→ Problem requirements
When copying the records below, keep every word as it is and drop the images.

=== Begin Enclosure ===

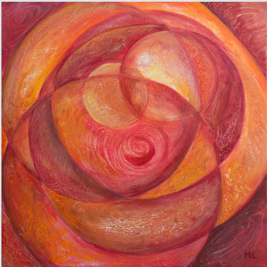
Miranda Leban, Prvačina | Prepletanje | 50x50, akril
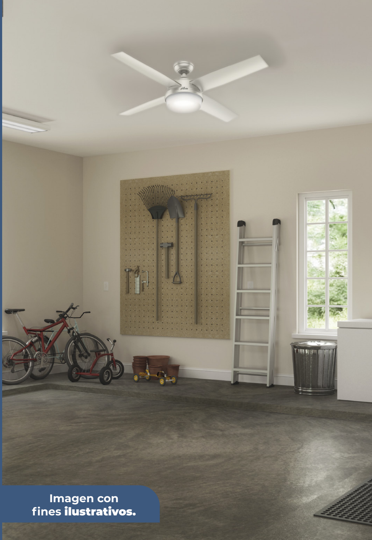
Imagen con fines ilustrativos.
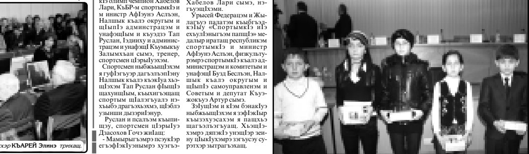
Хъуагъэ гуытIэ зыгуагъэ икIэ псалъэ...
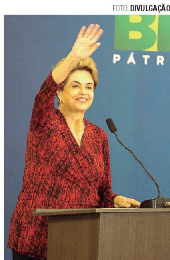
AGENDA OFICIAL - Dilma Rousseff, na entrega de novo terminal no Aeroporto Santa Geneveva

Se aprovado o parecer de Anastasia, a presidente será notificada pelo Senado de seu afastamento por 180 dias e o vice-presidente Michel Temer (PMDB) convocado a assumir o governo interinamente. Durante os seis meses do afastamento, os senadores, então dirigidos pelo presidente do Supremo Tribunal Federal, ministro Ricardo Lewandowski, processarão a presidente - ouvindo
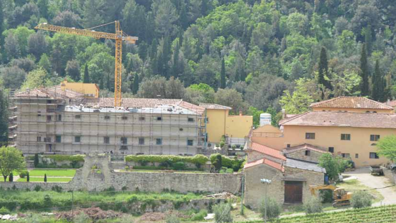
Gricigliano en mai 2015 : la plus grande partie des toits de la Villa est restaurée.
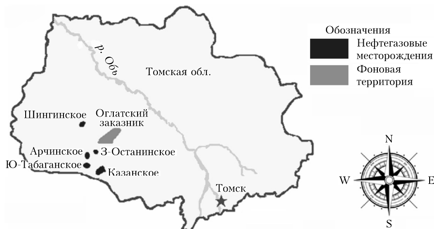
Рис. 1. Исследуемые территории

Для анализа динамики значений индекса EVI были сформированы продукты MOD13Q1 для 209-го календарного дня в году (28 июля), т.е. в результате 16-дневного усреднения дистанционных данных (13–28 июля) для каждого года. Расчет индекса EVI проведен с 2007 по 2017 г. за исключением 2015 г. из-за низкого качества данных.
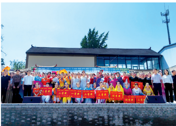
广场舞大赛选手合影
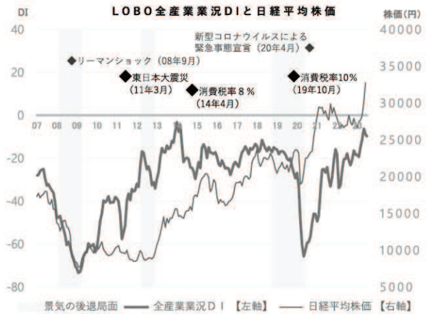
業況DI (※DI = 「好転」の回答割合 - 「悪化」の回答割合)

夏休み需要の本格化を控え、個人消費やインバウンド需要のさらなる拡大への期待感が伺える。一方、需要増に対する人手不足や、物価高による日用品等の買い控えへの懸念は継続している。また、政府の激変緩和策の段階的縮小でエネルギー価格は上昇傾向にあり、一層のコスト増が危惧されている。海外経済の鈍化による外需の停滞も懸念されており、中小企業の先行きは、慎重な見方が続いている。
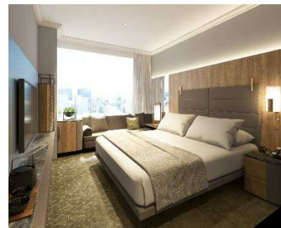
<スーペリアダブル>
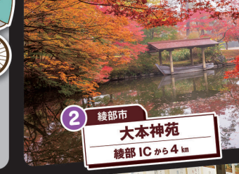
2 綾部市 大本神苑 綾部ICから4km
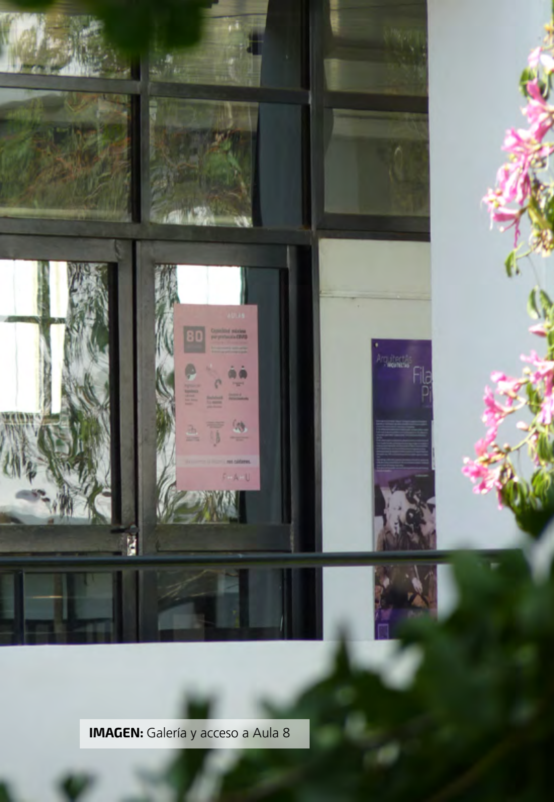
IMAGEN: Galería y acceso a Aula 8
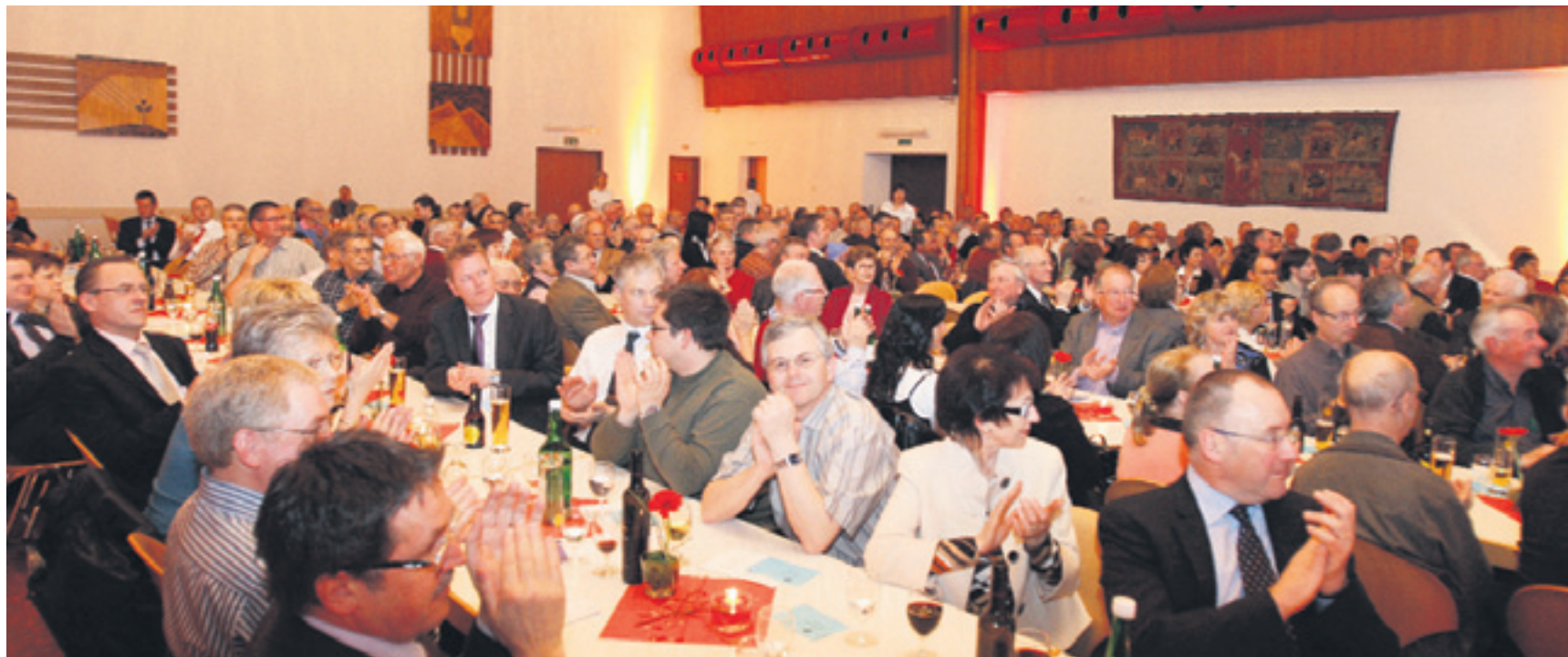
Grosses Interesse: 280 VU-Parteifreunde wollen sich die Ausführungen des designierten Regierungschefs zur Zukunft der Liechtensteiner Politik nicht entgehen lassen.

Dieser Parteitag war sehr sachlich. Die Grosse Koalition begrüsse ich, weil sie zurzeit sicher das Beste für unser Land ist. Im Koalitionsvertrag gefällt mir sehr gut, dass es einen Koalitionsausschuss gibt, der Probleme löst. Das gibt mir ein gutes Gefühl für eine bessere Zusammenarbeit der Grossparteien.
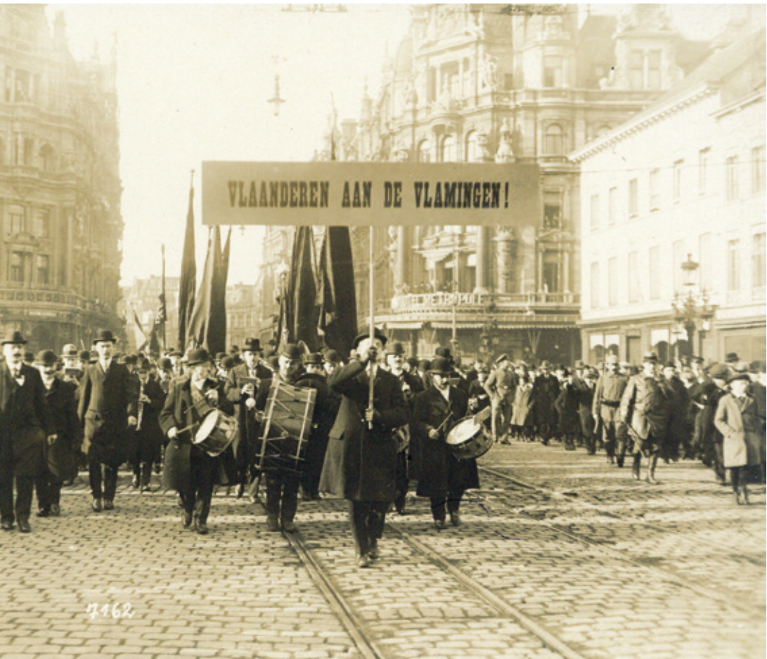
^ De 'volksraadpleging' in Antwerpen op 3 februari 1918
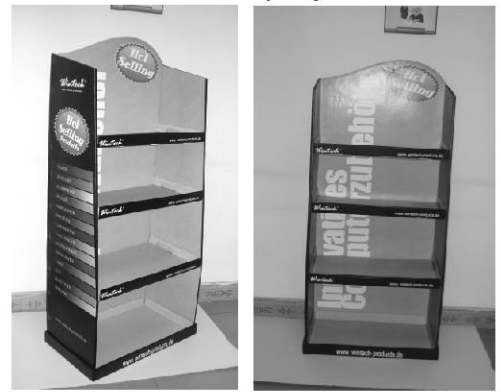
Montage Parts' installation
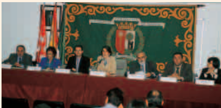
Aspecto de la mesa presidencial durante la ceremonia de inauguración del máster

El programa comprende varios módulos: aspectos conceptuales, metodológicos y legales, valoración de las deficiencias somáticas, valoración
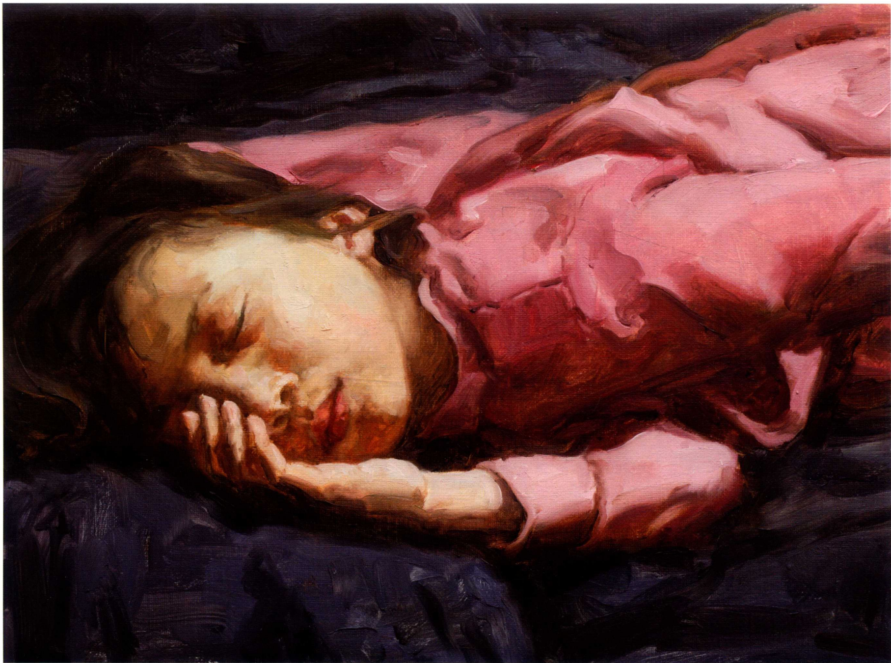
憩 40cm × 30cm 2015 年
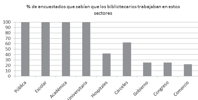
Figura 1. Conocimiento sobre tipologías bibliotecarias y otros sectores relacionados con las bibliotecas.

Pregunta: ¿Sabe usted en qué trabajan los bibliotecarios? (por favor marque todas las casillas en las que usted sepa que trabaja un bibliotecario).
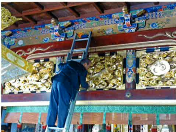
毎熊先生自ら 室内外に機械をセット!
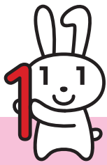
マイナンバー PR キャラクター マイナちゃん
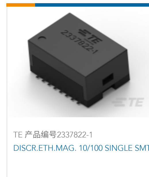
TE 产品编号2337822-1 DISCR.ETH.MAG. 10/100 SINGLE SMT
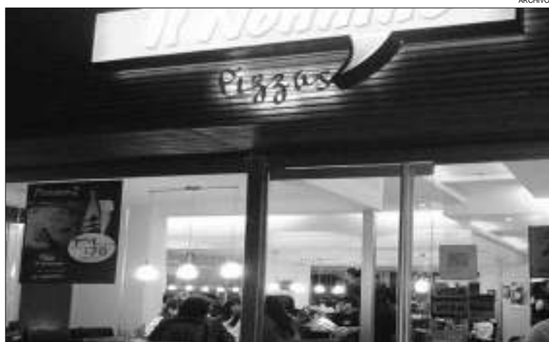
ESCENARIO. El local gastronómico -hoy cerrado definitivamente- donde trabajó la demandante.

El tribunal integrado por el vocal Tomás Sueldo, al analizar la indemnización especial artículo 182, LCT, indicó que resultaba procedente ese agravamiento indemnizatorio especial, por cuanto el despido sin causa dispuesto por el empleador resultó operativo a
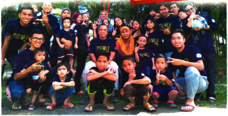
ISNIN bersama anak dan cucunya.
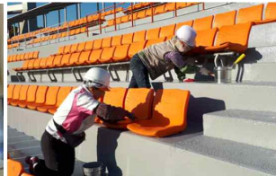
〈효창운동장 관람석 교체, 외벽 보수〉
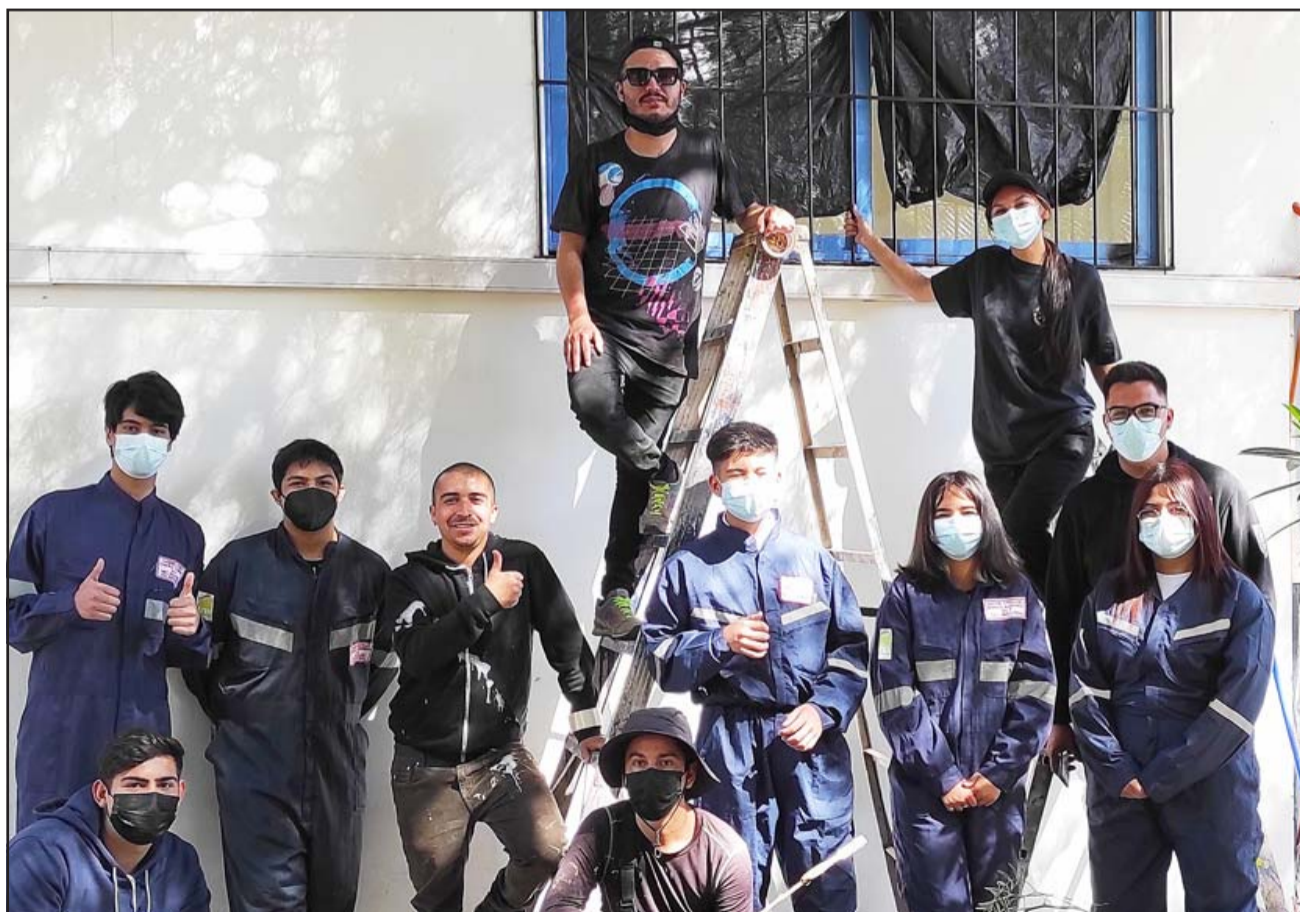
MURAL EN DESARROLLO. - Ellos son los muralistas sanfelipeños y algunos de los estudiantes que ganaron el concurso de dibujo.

=== End Enclosure ===

→ Exercise response
Miranda Leban, Prvačina | Prepletanje | 50x50, akril
Imagen con fines ilustrativos.
Хъуагъэ гуытIэ зыгуагъэ икIэ псалъэ...
AGENDA OFICIAL - Dilma Rousseff, na entrega de novo terminal no Aeroporto Santa Geneveva

Se aprovado o parecer de Anastasia, a presidente será notificada pelo Senado de seu afastamento por 180 dias e o vice-presidente Michel Temer (PMDB) convocado a assumir o governo interinamente. Durante os seis meses do afastamento, os senadores, então dirigidos pelo presidente do Supremo Tribunal Federal, ministro Ricardo Lewandowski, processarão a presidente - ouvindo
Gricigliano en mai 2015 : la plus grande partie des toits de la Villa est restaurée.
Рис. 1. Исследуемые территории

Для анализа динамики значений индекса EVI были сформированы продукты MOD13Q1 для 209-го календарного дня в году (28 июля), т.е. в результате 16-дневного усреднения дистанционных данных (13–28 июля) для каждого года. Расчет индекса EVI проведен с 2007 по 2017 г. за исключением 2015 г. из-за низкого качества данных.
广场舞大赛选手合影
業況DI (※DI = 「好転」の回答割合 - 「悪化」の回答割合)

夏休み需要の本格化を控え、個人消費やインバウンド需要のさらなる拡大への期待感が伺える。一方、需要増に対する人手不足や、物価高による日用品等の買い控えへの懸念は継続している。また、政府の激変緩和策の段階的縮小でエネルギー価格は上昇傾向にあり、一層のコスト増が危惧されている。海外経済の鈍化による外需の停滞も懸念されており、中小企業の先行きは、慎重な見方が続いている。
<スーペリアダブル>
2 綾部市 大本神苑 綾部ICから4km
IMAGEN: Galería y acceso a Aula 8
Grosses Interesse: 280 VU-Parteifreunde wollen sich die Ausführungen des designierten Regierungschefs zur Zukunft der Liechtensteiner Politik nicht entgehen lassen.

Dieser Parteitag war sehr sachlich. Die Grosse Koalition begrüsse ich, weil sie zurzeit sicher das Beste für unser Land ist. Im Koalitionsvertrag gefällt mir sehr gut, dass es einen Koalitionsausschuss gibt, der Probleme löst. Das gibt mir ein gutes Gefühl für eine bessere Zusammenarbeit der Grossparteien.
^ De 'volksraadpleging' in Antwerpen op 3 februari 1918
Montage Parts' installation
Aspecto de la mesa presidencial durante la ceremonia de inauguración del máster

El programa comprende varios módulos: aspectos conceptuales, metodológicos y legales, valoración de las deficiencias somáticas, valoración
憩 40cm × 30cm 2015 年
Figura 1. Conocimiento sobre tipologías bibliotecarias y otros sectores relacionados con las bibliotecas.

Pregunta: ¿Sabe usted en qué trabajan los bibliotecarios? (por favor marque todas las casillas en las que usted sepa que trabaja un bibliotecario).
毎熊先生自ら 室内外に機械をセット!
マイナンバー PR キャラクター マイナちゃん
TE 产品编号2337822-1 DISCR.ETH.MAG. 10/100 SINGLE SMT
ESCENARIO. El local gastronómico -hoy cerrado definitivamente- donde trabajó la demandante.

El tribunal integrado por el vocal Tomás Sueldo, al analizar la indemnización especial artículo 182, LCT, indicó que resultaba procedente ese agravamiento indemnizatorio especial, por cuanto el despido sin causa dispuesto por el empleador resultó operativo a
ISNIN bersama anak dan cucunya.
〈효창운동장 관람석 교체, 외벽 보수〉
MURAL EN DESARROLLO. - Ellos son los muralistas sanfelipeños y algunos de los estudiantes que ganaron el concurso de dibujo.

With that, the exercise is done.